# 4.6: Weibull Distributions

- Page ID
- 9114

In this section, we introduce the Weibull distributions, which are very useful in the field of actuarial science.

## Weibull Distributions

### Definition \(\PageIndex{1}\)

A random variable \(X\) has a * Weibull distribution* with parameters \(\alpha, \beta>0\), write \(X\sim\text{Weibull}(\alpha, \beta)\), if \(X\) has pdf given by

$$f(x) = \left\{\begin{array}{l l}

\frac{\alpha}{\beta^{\alpha}} x^{\alpha-1} e^{-(x/\beta)^{\alpha}}, & \text{for}\ x\geq 0, \\

0 & \text{otherwise.}

\end{array}\right.\notag$$

Figure 1: Graph of pdf for Weibull(\(\alpha=2, \beta=5\)) distribution.
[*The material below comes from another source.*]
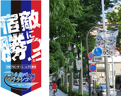 | 企画⑧ | ◆多摩川クラシコ タペストリー 新デザイン登場 多摩川クラシコを盛り上げるために製作された専用タペストリー。第30回多摩川クラシコを記念して、デザインを一新しました!

### Example \(\PageIndex{1}\)

A typical application of Weibull distributions is to model *lifetimes* that are not “memoryless”. For example, each of the following gives an application of the Weibull distribution.

- modeling the lifetime of a car battery
- modeling the probability that someone survives past the age of 80 years old

The parameter \(\alpha\) is referred to as the * shape parameter*, and \(\beta\) is the

*. When \(\alpha =1\), the Weibull distribution is an exponential distribution with \(\lambda = 1/\beta\), so the exponential distribution is a special case of both the Weibull distributions and the gamma distributions. We can see the similarities between the Weibull and exponential distributions more readily when comparing the cdf's of each. The cdf of the Weibull distribution is given below, with proof, along with other important properties, stated without proof.*

**scale parameter**### Properties of Weibull Distributions

If \(X\sim\text{Weibull}(\alpha, beta)\), then the following hold.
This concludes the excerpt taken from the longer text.